The presentation of the Data Invalsi 2022 took place on July 6 in Rome at La Sapienza University, with the presence of the Minister of Education Patrizio Bianchi who took the opportunity to emphasize the strategic importance of the surveys and to highlight what effort his department is producing in front of a situation of evidence. student learning crisis. In support of this commitment, the Minister recalled the crucial role of the entire educational community. The preparation of the ground for the minister was the last part of the report of President Invalsi Roberto Ricci, who, in trying to highlight what can be the remedies for a situation of poor learning is especially secondary that, as s ‘has rightly observed, it is attributable to the pandemic only in part, because it originates from afar, it has indicated a season of improvements in the international standardized tests Timss and Pisa that occurred approximately between 2006 and 2009.
The thesis is that the results in that period improved because two factors intervened: the tests of the Invalsi census began and a directed and generalized professional training of the teaching staff took place. The problem is that looking at the same data so far it seems that at most this improvement in learning “after the happy season” has stabilized, but it has certainly not produced further increases over time.
So continue teacher training? Certainly yes, but without deceiving ourselves that other permanent criticisms, in fact also detected in 2022, such as territorial gaps and the impact of family socio-economic-cultural status, can be addressed with this single tool, because it is unthinkable that everything can be solved with the idea that less able teachers are magically concentrated in certain territories. Territories are not uniform and greatly affect informal and non-formal education with repercussions on formal education in a way that should be accepted, recognized and treated more decisively if the effort is to be taken advantage of. by the Institute in more than ten years of research. .
It is also obvious how the decrease in basic disciplinary learning it is constant, except for a few small oscillations, from primary to the last year of high school and here we also have to face once and for all the myth that the problem of learning is mainly concentrated in the first cycle of high school.
It starts there but then nothing happens in the second year of primary school, in five years, because the trend is reversed, in fact, the worst results are precisely those of our adult students, who among other things also during the pandemic should have had maturity and capacity. making study with the parent more autonomous, contrary to what one might correctly think younger students are capable of doing.
Stopping the worsening of learning was presented as a positive overall figure, perhaps because it is taken for granted that the resumption of learning outcomes will still take a long time, given the inertia of the school system to absorb and metabolize change. English is an exception, and here the hypothesis can be raised that two factors, one school and one extracurricular, may have played a role: the general alignment of teaching and textbooks towards the goals defined by the European reference framework for languages, also adopted by Invalsi, and on the other hand the growing immersion of young people in an environment, we think especially in digital, which makes English the most used language.

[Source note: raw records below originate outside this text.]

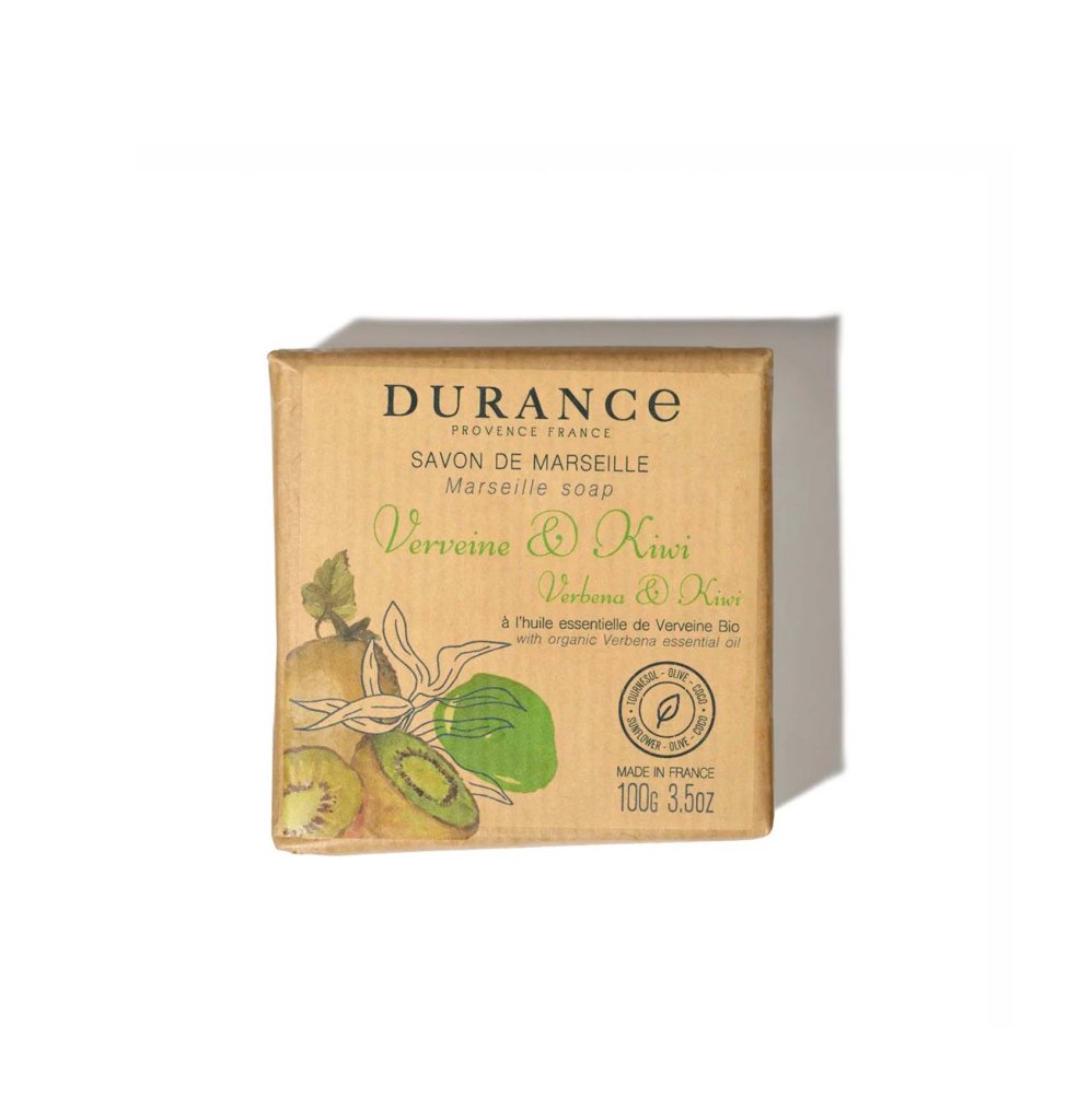 Mjúkt og ilmandi sápustykki frá Durance með verbena og kiwi ilm.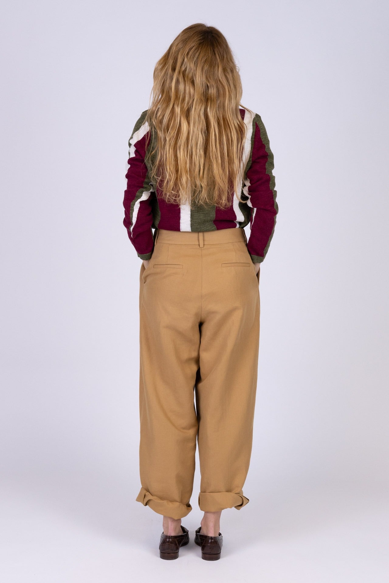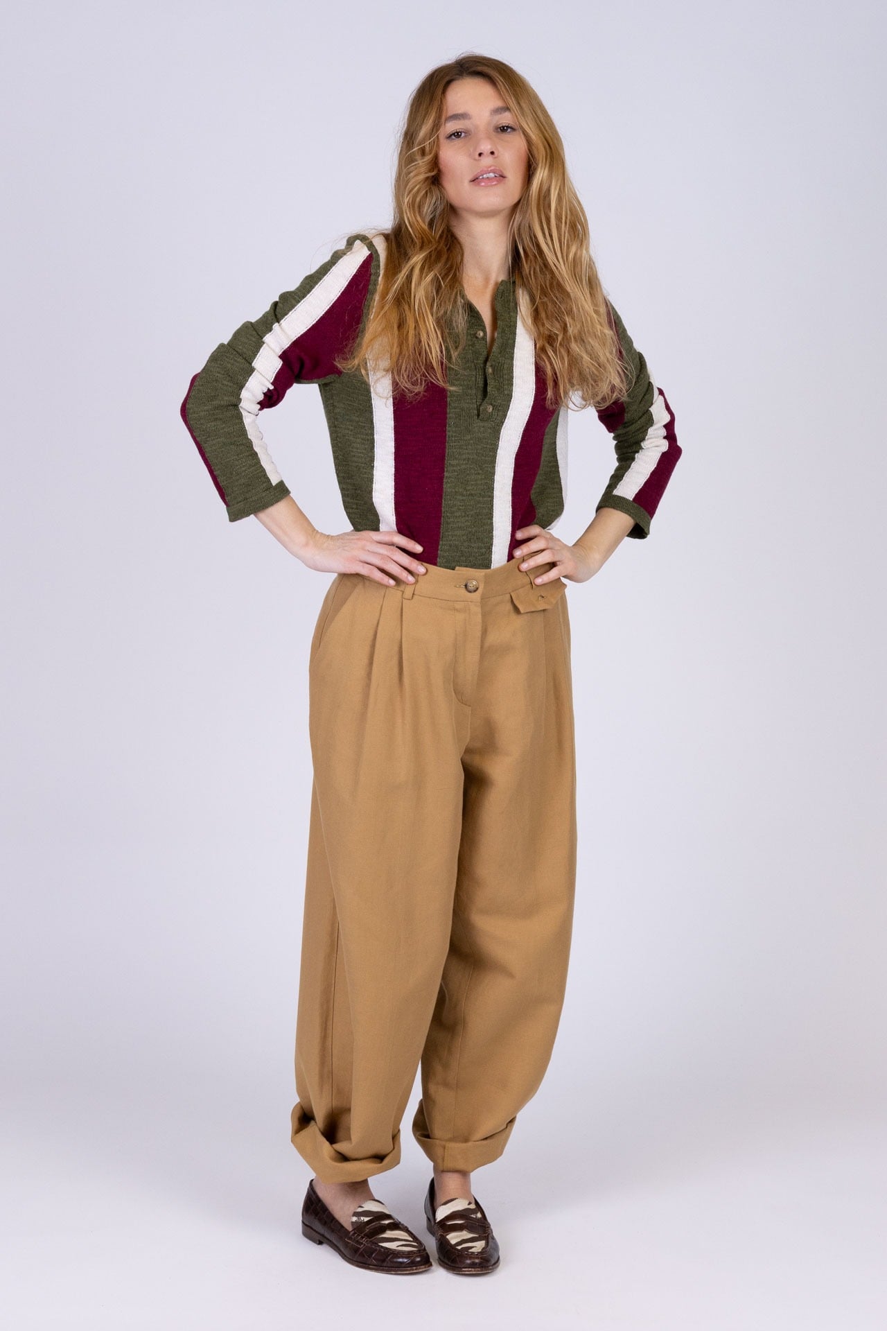 La modella indossa la taglia 38/40 ed è alta 1,70 m.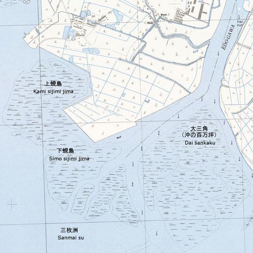 | Keywords: River mouth of old edogawa in 1945.jpg en This map shows the river mouth of old Edogawa between Tokyo and Chiba prefecture in 1945 Dai sankaku Kami sijimi jima Simo sijimi jima had been filled since 1972 ja 1945年頃の旧江戸 の河口を示した図 大三角 上 島 下 島は1972年頃に埋め立てられた txu-oclc-6549645-13 jpg ams/japan_city_plans/ US army Nagasima Sakon 2010-03-21 PD-USGov Maps of the history of Japan | ||||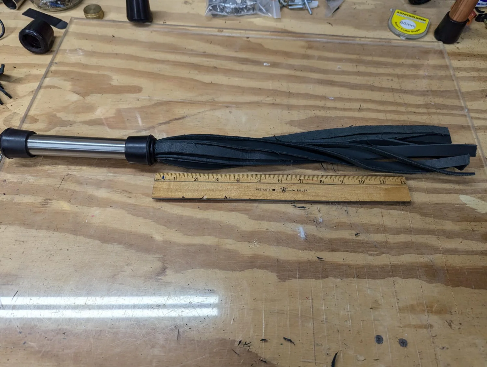 The falls are 18" (overall) yak hide. The yak has a weight of about 4 oz (1 oz is 1/64 "), so it is fairly heavy, comparatively speaking. Knowing this, I was planning on only using 13 falls, but they were too thick for the tube and could only glue in 12.
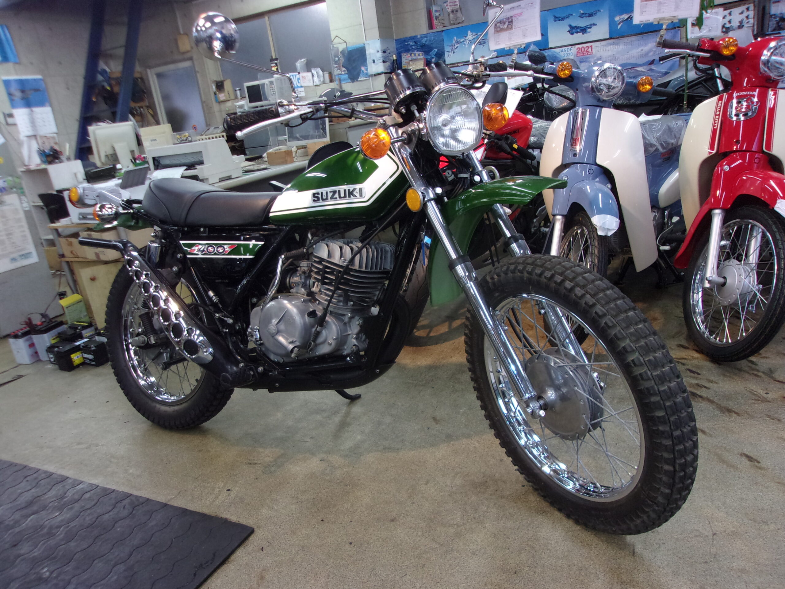 私のお気に入りのハスラ-400の1型をお買上げ頂き有り難う御座います。早速整備に取り掛かります、キャブのO/Hを行い燃調キットの交換、バッテリ-の交換、前後タイヤの交換、フォークシ-ルの交換をして車検を受けます、ライトの明るさで苦戦しそうですが頑張って整備をしますので楽しみにお待ち下さい。😄✌️

On the other hand, the most scholastic subject out there, mathematics, pays for the greatest impairment at all the levels examined. A novelty of this year’s presentation has been the emphasis on excellence in the last year of high school, defined as such if they have obtained in the tests the B2 of English and at least a level 4, in increasing scale of 1 to 5, in both Italian and Math Tests. Also for these students there has been a decline in learning, confirming that in general, especially in some subjects, even adult students can benefit from school attendance.
The idea that the only intrinsic interest in learning can act as a generalized lever for study and for the acquisition of learning does not seem to draw objective confirmation from these data; For many students, a highly structured and formal environment is still needed to globally stimulate appreciation for learning and prevent a possible dispersal of talent in this case.
The relationship between the number of excellent students and their most advanced sociocultural status was confirmed, as well as the territorial gap in the percentage of these students in the different geographical macro-areas: these students are decidedly superior in number to the Center – north. In addition to the excellent data, we have that fragile students, who do not reach the minimum levels in any of the three disciplines, are indeed in a very slight decline compared to 2020 but with the confirmation of the same territorial gaps: the fragility is concentrated in the south and islands.
The weight of the social context of reference on test results is now a constant in surveys and there will be few isolated, targeted and technical interventions, only on the education system, even if necessary, to reverse the course of learning. in a decisive way. The commitment of educational policies must have a renewed ideal impetus for the improvement of the foundational knowledge of society and for the well-being of the new generations, which is not understood in an exclusively economic sense, a drive that unfortunately is still hides in Italian. politics and culture …
– – – –
We need your input to continue to provide you with quality, independent information.